To do: Every line in the data below from the one containing "Kachelpijp dikwandig staal, diameter" down to the one containing "Blok potažený recyklovanou", both included, must be retyped exactly; no other line is to appear.

Supplied data:

----------------

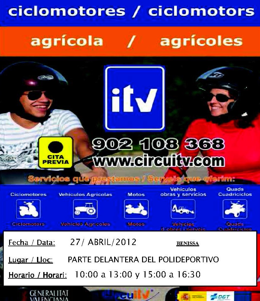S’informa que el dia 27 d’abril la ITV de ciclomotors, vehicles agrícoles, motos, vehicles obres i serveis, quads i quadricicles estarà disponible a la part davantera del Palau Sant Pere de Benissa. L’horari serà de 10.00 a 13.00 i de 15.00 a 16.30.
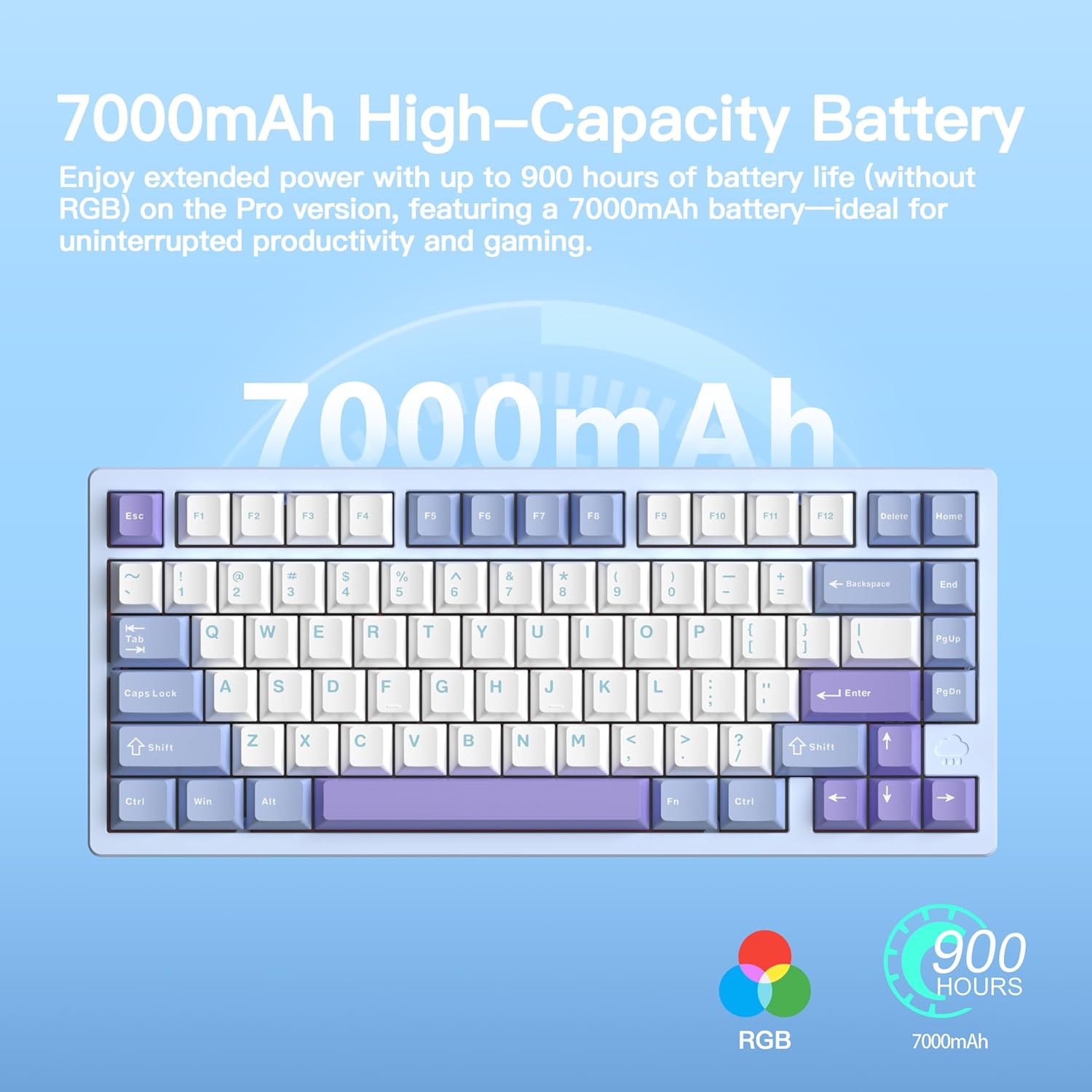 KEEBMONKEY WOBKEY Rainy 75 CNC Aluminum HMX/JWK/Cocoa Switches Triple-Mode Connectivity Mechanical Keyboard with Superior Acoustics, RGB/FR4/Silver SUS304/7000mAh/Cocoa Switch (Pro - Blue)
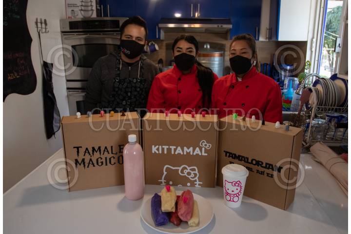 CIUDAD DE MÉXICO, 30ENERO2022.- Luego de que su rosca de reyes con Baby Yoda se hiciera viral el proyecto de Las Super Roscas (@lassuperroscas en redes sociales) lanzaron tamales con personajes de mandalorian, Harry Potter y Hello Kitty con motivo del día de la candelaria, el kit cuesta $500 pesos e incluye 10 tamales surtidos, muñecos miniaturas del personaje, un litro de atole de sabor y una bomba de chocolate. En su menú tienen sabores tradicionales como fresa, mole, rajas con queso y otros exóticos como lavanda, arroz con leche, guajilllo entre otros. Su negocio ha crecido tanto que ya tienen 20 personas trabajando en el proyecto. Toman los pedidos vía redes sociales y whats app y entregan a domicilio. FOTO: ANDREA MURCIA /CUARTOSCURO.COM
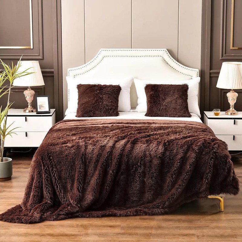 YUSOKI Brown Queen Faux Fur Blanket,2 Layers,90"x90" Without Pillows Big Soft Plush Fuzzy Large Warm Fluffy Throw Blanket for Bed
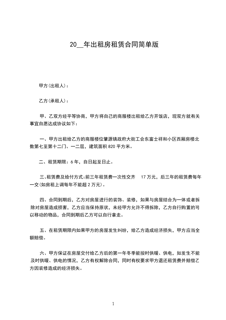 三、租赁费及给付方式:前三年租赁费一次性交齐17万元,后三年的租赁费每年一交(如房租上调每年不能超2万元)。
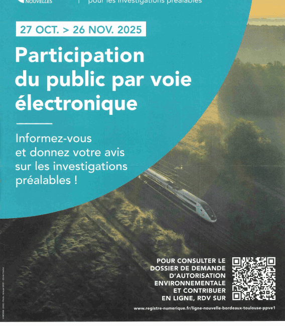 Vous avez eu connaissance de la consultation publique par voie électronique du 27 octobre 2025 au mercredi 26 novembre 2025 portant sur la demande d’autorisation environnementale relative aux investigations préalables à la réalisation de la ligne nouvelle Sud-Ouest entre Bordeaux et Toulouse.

----------------

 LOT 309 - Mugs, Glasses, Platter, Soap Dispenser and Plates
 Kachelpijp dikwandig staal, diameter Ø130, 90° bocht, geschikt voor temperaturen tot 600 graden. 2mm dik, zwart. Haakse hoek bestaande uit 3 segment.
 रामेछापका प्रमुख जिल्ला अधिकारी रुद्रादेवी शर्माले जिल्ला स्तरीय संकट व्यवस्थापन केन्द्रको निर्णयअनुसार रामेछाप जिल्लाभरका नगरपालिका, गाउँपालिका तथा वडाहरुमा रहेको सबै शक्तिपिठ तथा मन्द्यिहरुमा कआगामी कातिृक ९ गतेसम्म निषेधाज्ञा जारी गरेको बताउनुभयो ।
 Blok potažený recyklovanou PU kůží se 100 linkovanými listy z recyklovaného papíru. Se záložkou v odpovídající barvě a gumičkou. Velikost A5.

----------------

Answer space:
 Kachelpijp dikwandig staal, diameter Ø130, 90° bocht, geschikt voor temperaturen tot 600 graden. 2mm dik, zwart. Haakse hoek bestaande uit 3 segment.
 रामेछापका प्रमुख जिल्ला अधिकारी रुद्रादेवी शर्माले जिल्ला स्तरीय संकट व्यवस्थापन केन्द्रको निर्णयअनुसार रामेछाप जिल्लाभरका नगरपालिका, गाउँपालिका तथा वडाहरुमा रहेको सबै शक्तिपिठ तथा मन्द्यिहरुमा कआगामी कातिृक ९ गतेसम्म निषेधाज्ञा जारी गरेको बताउनुभयो ।
 Blok potažený recyklovanou PU kůží se 100 linkovanými listy z recyklovaného papíru. Se záložkou v odpovídající barvě a gumičkou. Velikost A5.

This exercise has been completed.